» **WORK ITEM**
Your copy of the data below must be exact and must leave out all pictures.

» **SOURCE DATA**
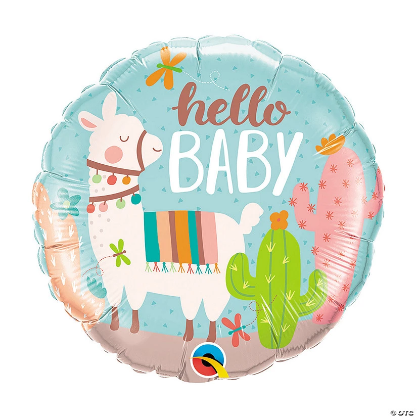 Shower the new mama with love at a llama themed baby shower or gender reveal party! This cute balloon features an adorable grinning llama with cacti in a fiesta setting. Use it for a fiesta themed celebration to show off your new little one! Mylar. 18″
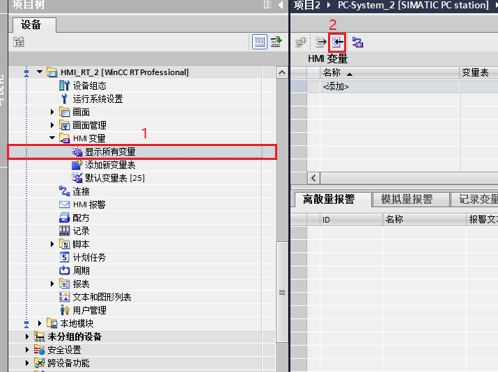 也可以通过工具导入变量,打开“ HMI 变量”中的“显示所有变量”,点“导入”。
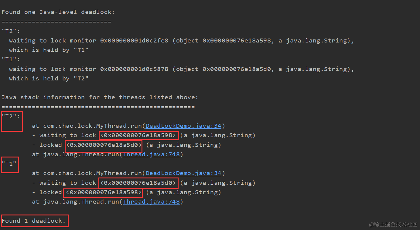 new Thread(new MyThread(lockA,lockB),"T1").start();
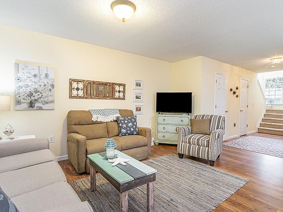Furnished!!! Cozy and convenient, this 2 bedroom, 2.5 bath townhome will make it easy to get settled into the Lowcountry Coastal lifestyle. Enjoy close walking proximity to great local restaurants and shops unique only to Pawleys Island. The beach is only a 3 minute drive away. Two story townhouse boasts ceiling fans, new upgraded LVP flooring upstairs and downstairs, upgraded shower, enclosed back porch, gutters, private single car garage. AND MORE! Two spacious master suites with vaulted ceilings on second level. Home backs up to wooded buffer on quiet cul-de-sac. Community amenities include pool HOA covers water & sewer, trash removal, exterior building insurance, common area maintenance and management, pool upkeep, and pest control. Call TODAY for more information or to schedule a showing!

» **SOLVED PROBLEM**
 Shower the new mama with love at a llama themed baby shower or gender reveal party! This cute balloon features an adorable grinning llama with cacti in a fiesta setting. Use it for a fiesta themed celebration to show off your new little one! Mylar. 18″
 也可以通过工具导入变量,打开“ HMI 变量”中的“显示所有变量”,点“导入”。
 new Thread(new MyThread(lockA,lockB),"T1").start();
Furnished!!! Cozy and convenient, this 2 bedroom, 2.5 bath townhome will make it easy to get settled into the Lowcountry Coastal lifestyle. Enjoy close walking proximity to great local restaurants and shops unique only to Pawleys Island. The beach is only a 3 minute drive away. Two story townhouse boasts ceiling fans, new upgraded LVP flooring upstairs and downstairs, upgraded shower, enclosed back porch, gutters, private single car garage. AND MORE! Two spacious master suites with vaulted ceilings on second level. Home backs up to wooded buffer on quiet cul-de-sac. Community amenities include pool HOA covers water & sewer, trash removal, exterior building insurance, common area maintenance and management, pool upkeep, and pest control. Call TODAY for more information or to schedule a showing!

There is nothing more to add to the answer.